_Required work_
Lines from the one containing "Rich All Purpose" through the end of the material are to be retyped exactly; do not copy pictures.

_Available data_
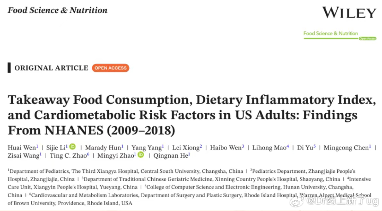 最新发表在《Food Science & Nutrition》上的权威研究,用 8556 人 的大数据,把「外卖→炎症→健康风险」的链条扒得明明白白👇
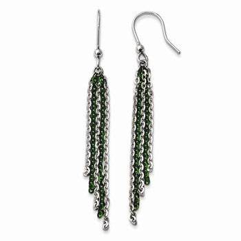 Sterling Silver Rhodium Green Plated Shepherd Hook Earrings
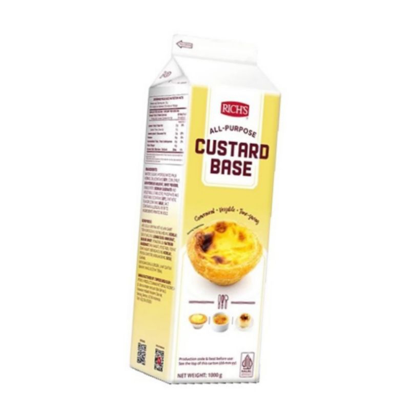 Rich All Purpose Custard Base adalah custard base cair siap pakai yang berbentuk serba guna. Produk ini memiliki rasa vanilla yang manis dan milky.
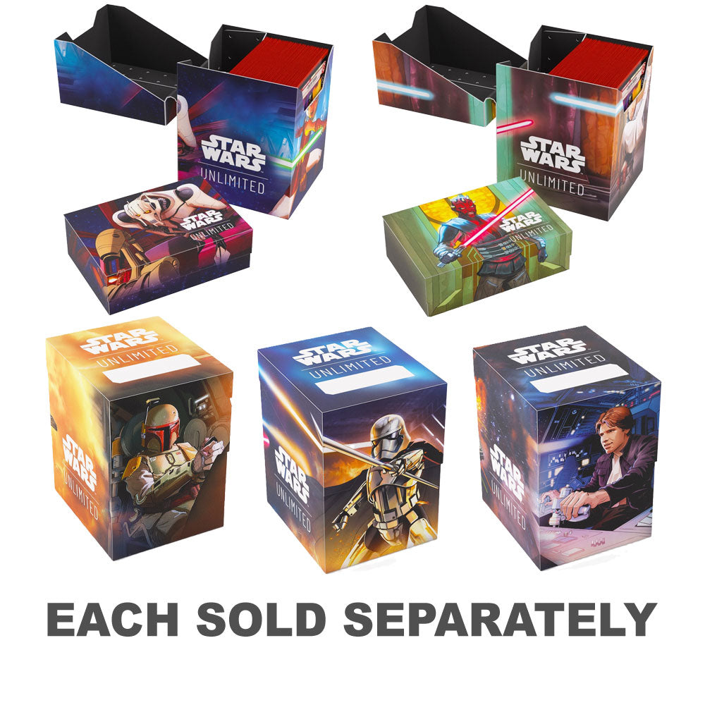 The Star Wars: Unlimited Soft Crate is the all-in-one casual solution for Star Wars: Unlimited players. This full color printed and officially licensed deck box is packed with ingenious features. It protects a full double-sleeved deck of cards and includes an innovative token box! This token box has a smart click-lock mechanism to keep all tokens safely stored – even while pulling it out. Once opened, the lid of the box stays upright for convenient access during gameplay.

_Solution to this task_
 Rich All Purpose Custard Base adalah custard base cair siap pakai yang berbentuk serba guna. Produk ini memiliki rasa vanilla yang manis dan milky.
 The Star Wars: Unlimited Soft Crate is the all-in-one casual solution for Star Wars: Unlimited players. This full color printed and officially licensed deck box is packed with ingenious features. It protects a full double-sleeved deck of cards and includes an innovative token box! This token box has a smart click-lock mechanism to keep all tokens safely stored – even while pulling it out. Once opened, the lid of the box stays upright for convenient access during gameplay.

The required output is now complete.